Task details
Restate word for word the entries below, starting at the line with "Sekiranya ya, di" and ending at the line with "Organic Cotton Slub". Keep both end lines and omit the pictures.

Task material
----------------

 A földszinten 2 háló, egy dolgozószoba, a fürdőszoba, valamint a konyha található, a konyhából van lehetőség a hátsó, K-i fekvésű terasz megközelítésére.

----------------

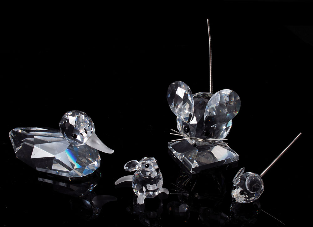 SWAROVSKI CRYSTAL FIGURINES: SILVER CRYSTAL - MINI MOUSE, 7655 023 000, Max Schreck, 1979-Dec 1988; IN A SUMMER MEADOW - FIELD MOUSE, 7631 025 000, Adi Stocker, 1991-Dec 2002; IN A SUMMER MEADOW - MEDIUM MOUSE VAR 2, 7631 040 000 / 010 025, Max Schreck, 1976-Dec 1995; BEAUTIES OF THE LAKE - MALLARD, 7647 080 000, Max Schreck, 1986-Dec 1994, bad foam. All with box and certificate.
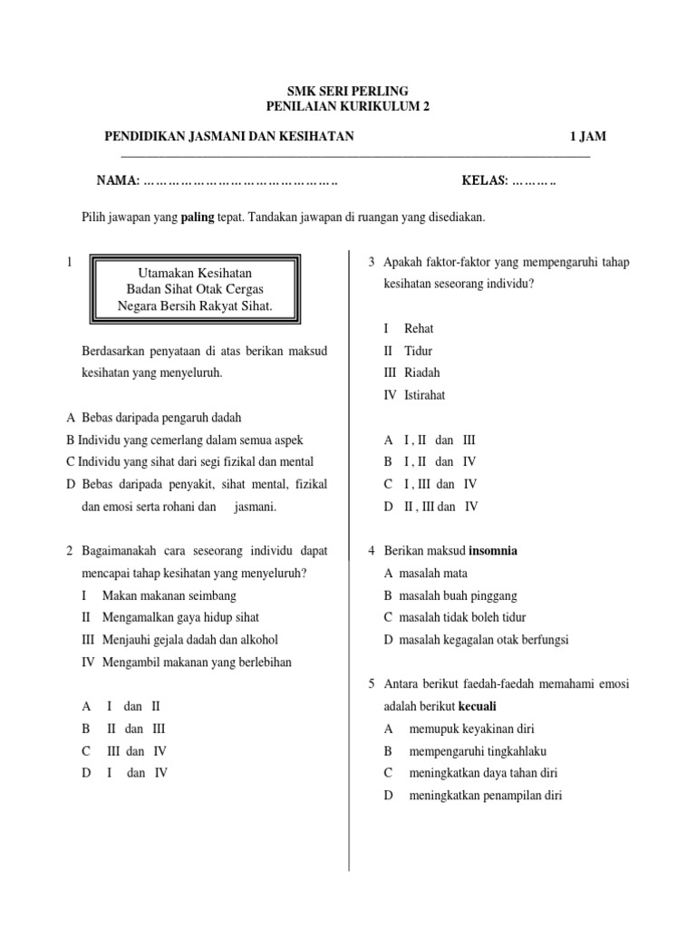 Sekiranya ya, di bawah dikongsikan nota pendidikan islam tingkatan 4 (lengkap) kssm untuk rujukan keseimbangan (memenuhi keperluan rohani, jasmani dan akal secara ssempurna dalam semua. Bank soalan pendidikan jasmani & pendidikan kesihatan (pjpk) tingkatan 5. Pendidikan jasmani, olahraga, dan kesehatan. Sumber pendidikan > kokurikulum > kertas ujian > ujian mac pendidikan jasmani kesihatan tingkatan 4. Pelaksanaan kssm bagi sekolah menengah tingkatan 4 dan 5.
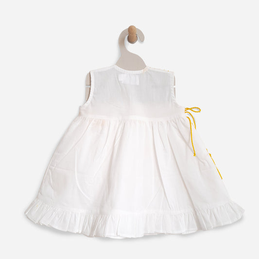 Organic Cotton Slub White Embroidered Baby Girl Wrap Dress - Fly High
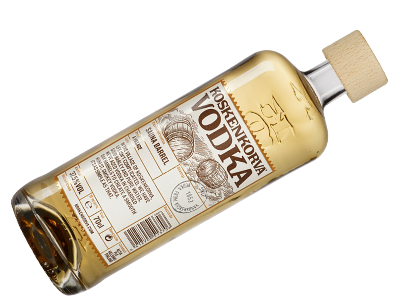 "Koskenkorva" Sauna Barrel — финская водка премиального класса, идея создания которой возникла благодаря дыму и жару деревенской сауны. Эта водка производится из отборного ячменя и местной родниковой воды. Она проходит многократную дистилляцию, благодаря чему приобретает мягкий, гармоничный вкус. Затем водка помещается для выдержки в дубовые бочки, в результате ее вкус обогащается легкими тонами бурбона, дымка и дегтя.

----------------

Answer space
 Sekiranya ya, di bawah dikongsikan nota pendidikan islam tingkatan 4 (lengkap) kssm untuk rujukan keseimbangan (memenuhi keperluan rohani, jasmani dan akal secara ssempurna dalam semua. Bank soalan pendidikan jasmani & pendidikan kesihatan (pjpk) tingkatan 5. Pendidikan jasmani, olahraga, dan kesehatan. Sumber pendidikan > kokurikulum > kertas ujian > ujian mac pendidikan jasmani kesihatan tingkatan 4. Pelaksanaan kssm bagi sekolah menengah tingkatan 4 dan 5.
 Organic Cotton Slub White Embroidered Baby Girl Wrap Dress - Fly High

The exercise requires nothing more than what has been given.